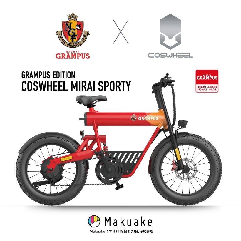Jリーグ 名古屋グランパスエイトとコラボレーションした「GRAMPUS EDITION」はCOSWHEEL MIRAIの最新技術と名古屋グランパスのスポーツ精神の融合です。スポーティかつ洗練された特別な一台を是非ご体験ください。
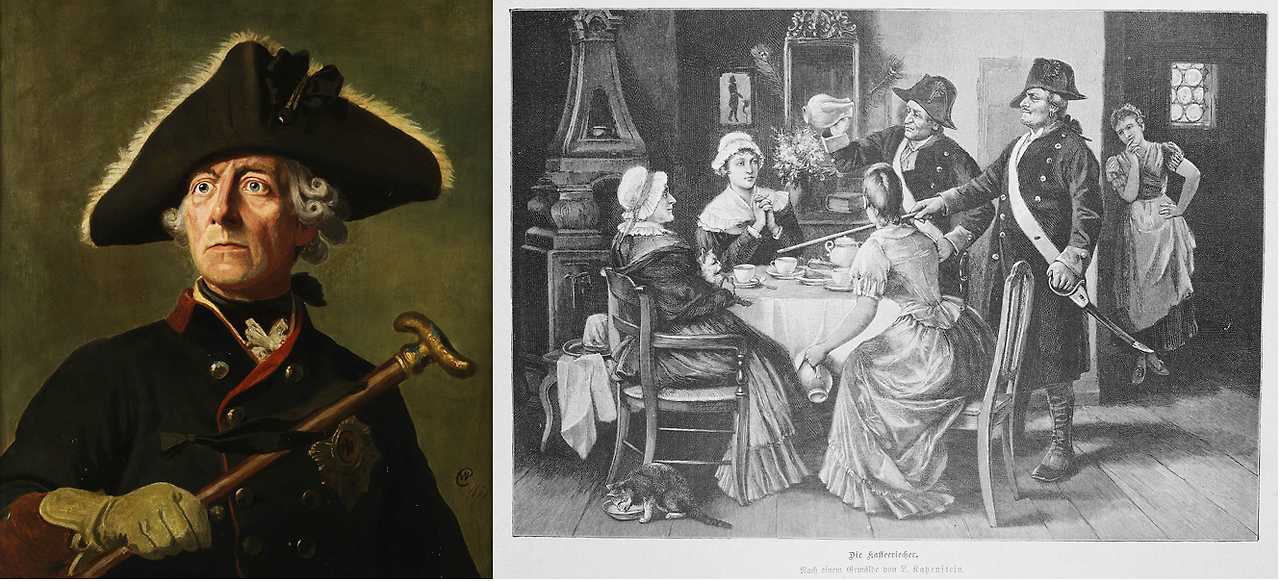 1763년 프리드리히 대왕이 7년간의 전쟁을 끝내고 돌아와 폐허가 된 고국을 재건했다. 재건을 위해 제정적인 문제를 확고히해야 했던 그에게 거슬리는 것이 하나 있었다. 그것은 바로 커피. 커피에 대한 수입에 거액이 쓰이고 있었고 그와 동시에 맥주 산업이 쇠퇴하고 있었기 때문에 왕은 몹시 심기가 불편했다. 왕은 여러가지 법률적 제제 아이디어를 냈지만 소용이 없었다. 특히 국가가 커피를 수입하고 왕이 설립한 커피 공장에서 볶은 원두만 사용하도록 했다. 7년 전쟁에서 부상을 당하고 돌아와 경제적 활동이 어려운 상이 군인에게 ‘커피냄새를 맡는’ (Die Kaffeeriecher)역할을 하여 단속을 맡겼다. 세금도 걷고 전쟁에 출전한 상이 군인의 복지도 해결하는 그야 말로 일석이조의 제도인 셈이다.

☆ ☆ ☆ ☆ ☆

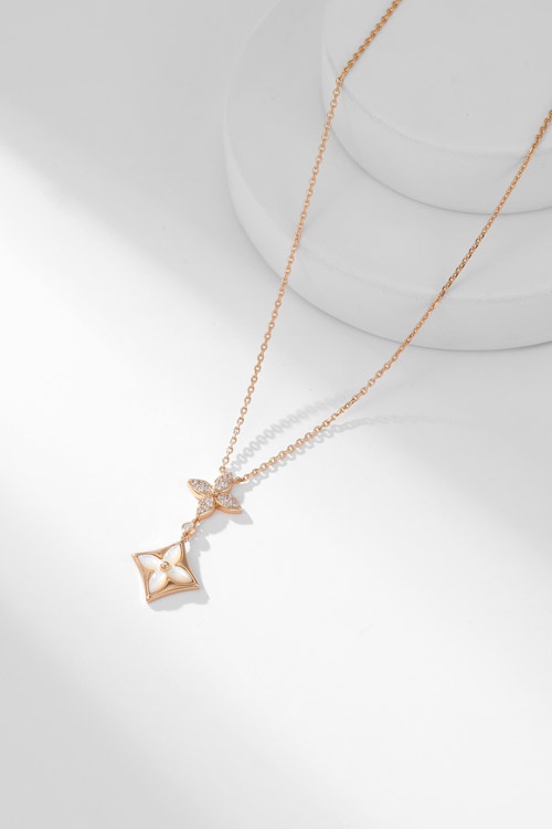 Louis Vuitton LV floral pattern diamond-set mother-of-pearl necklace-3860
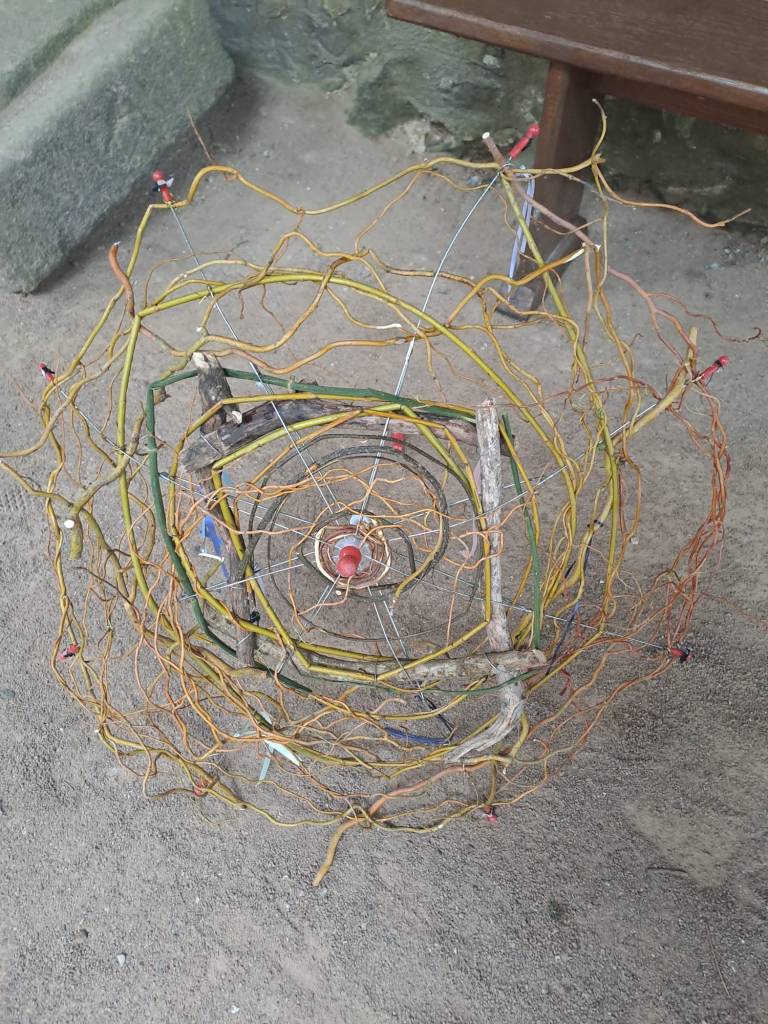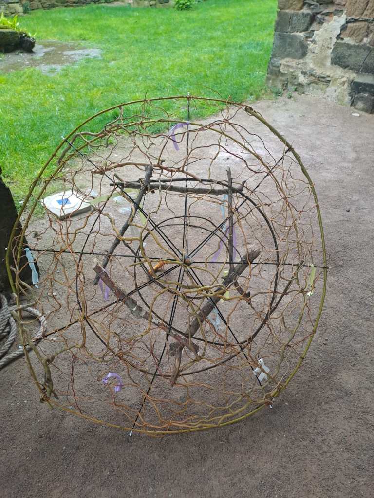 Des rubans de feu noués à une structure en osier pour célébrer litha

☆ ☆ ☆ ☆ ☆

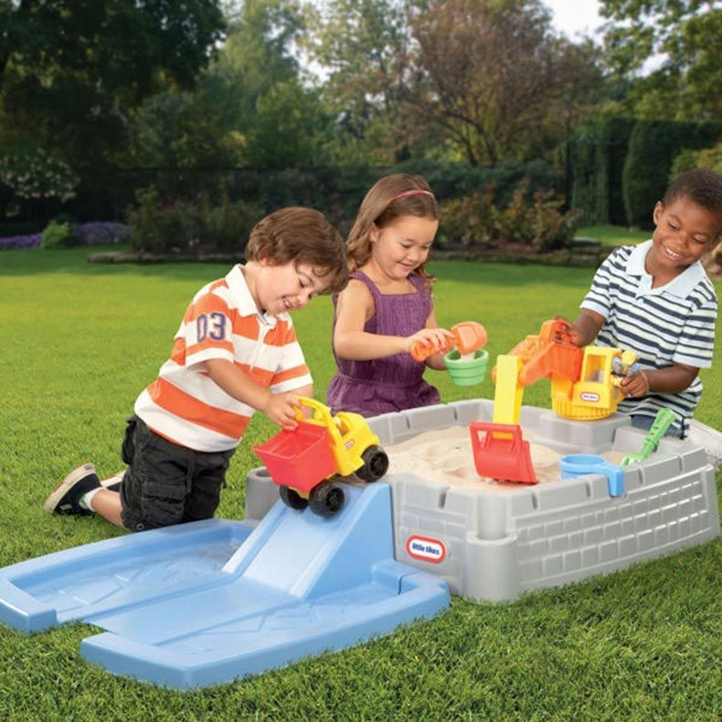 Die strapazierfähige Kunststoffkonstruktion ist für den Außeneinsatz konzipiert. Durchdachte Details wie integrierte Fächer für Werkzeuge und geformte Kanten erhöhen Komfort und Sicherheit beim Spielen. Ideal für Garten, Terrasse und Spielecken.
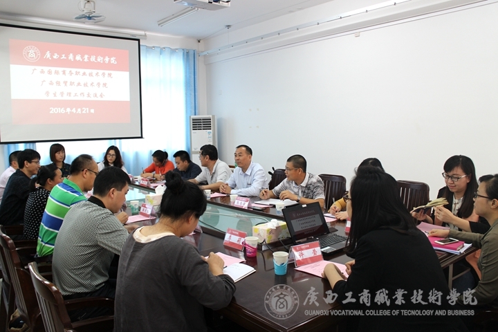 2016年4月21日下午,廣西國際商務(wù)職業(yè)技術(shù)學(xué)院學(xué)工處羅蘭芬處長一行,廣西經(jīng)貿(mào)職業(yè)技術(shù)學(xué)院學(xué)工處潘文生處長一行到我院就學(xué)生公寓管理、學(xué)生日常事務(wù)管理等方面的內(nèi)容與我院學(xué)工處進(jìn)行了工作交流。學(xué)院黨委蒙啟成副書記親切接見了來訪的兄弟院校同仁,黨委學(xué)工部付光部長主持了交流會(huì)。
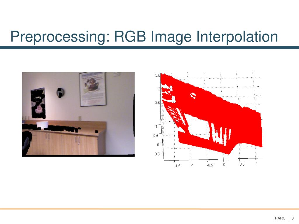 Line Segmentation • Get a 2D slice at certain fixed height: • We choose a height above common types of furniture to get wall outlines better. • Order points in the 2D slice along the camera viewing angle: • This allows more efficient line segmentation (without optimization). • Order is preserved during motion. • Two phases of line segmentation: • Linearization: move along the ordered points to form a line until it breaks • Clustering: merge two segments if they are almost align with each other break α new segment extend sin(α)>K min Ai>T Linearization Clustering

☆ ☆ ☆ ☆ ☆

**EXERCISE OBJECTIVE**:
Going back to the data above, write out everything from the line with "Jリーグ 名古屋グランパスエイトとコラボレーションした「GRAMPUS EDITION」はCOSWHEEL" down to the line with "1763년 프리드리히 대왕이", both included, leaving every picture out.

**TASK SOLUTION**:
Jリーグ 名古屋グランパスエイトとコラボレーションした「GRAMPUS EDITION」はCOSWHEEL MIRAIの最新技術と名古屋グランパスのスポーツ精神の融合です。スポーティかつ洗練された特別な一台を是非ご体験ください。
 1763년 프리드리히 대왕이 7년간의 전쟁을 끝내고 돌아와 폐허가 된 고국을 재건했다. 재건을 위해 제정적인 문제를 확고히해야 했던 그에게 거슬리는 것이 하나 있었다. 그것은 바로 커피. 커피에 대한 수입에 거액이 쓰이고 있었고 그와 동시에 맥주 산업이 쇠퇴하고 있었기 때문에 왕은 몹시 심기가 불편했다. 왕은 여러가지 법률적 제제 아이디어를 냈지만 소용이 없었다. 특히 국가가 커피를 수입하고 왕이 설립한 커피 공장에서 볶은 원두만 사용하도록 했다. 7년 전쟁에서 부상을 당하고 돌아와 경제적 활동이 어려운 상이 군인에게 ‘커피냄새를 맡는’ (Die Kaffeeriecher)역할을 하여 단속을 맡겼다. 세금도 걷고 전쟁에 출전한 상이 군인의 복지도 해결하는 그야 말로 일석이조의 제도인 셈이다.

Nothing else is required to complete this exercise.